Math 502
Written Assignment No. 2

due Wednesday, March 7, 2007

Directions: Use Maple for assistance in responding to the following problems. Please typeset your solutions. Explain what you have done. Maple session details are not necessary unless you think it important to include them. Accuracy is important.

Although you may refer to books and notes, you may not seek help from others on this written assignment.
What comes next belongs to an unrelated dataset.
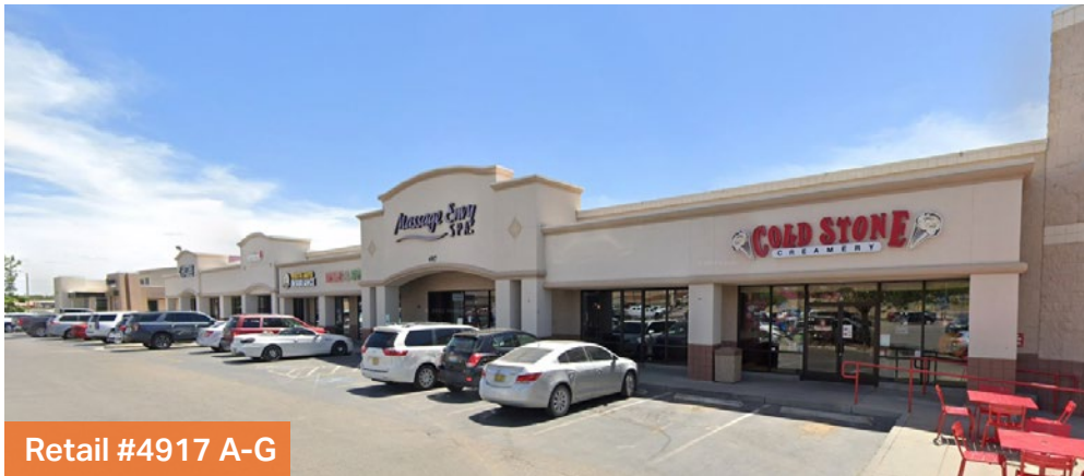
Retail #4917 A-G

Answer the following questions:

1. What is the length of the repeating pattern in the decimal expansion of

   {1}/{1 + 2^{100}}  ?

   (Don't even think about trying to compute the expansion.)

2. If P = a + b x + c x^{2} + d x^{3} + e x^{4} + f x^{5} is a polynomial, find polynomials q_{0}, q_{1}, q_{2}, … of degree at most 1 such that

   P  =  SUM_{j  >=  0}^{2}[ q_{j} (x + 1)^{j} ]    .

3. Factor the polynomial x^{31} - 1 as

   1. a rational polynomial.

   2. a polynomial mod 2.

   3. a polynomial mod 3.

   4. a polynomial mod 5.

4. Find the partial fraction expansion of

   {1}/{x^{31} - 1}

   regarded as a “rational function” with coefficients mod 2.

5. The sequence of integers

    [61, 13, 25, 37, 13, 28, 17, 81, 40, 3, 75, 91, 13, 25, 20, 37, 81,

     25, 91, 95, 25, 91, 17, 70, 37, 17, 25, 77, 25, 75, 85, 25, 13, 91,

     3, 25, 19, 75, 20, 37, 19, 81, 25, 3, 91, 25, 23, 37, 25, 73, 37,

     17, 81, 25, 85, 37, 28, 59, 17, 37, 6]

   is the sequence of 17-th powers mod 97 of numbers obtained from a sequence of ASCII codes by left-shifting each code 30 units so the sequence occupies the interval

   [

   2, 96

   ]

   instead of the normal printable ASCII interval

   [

   32, 126

   ]

   . What text string led to the original sequence?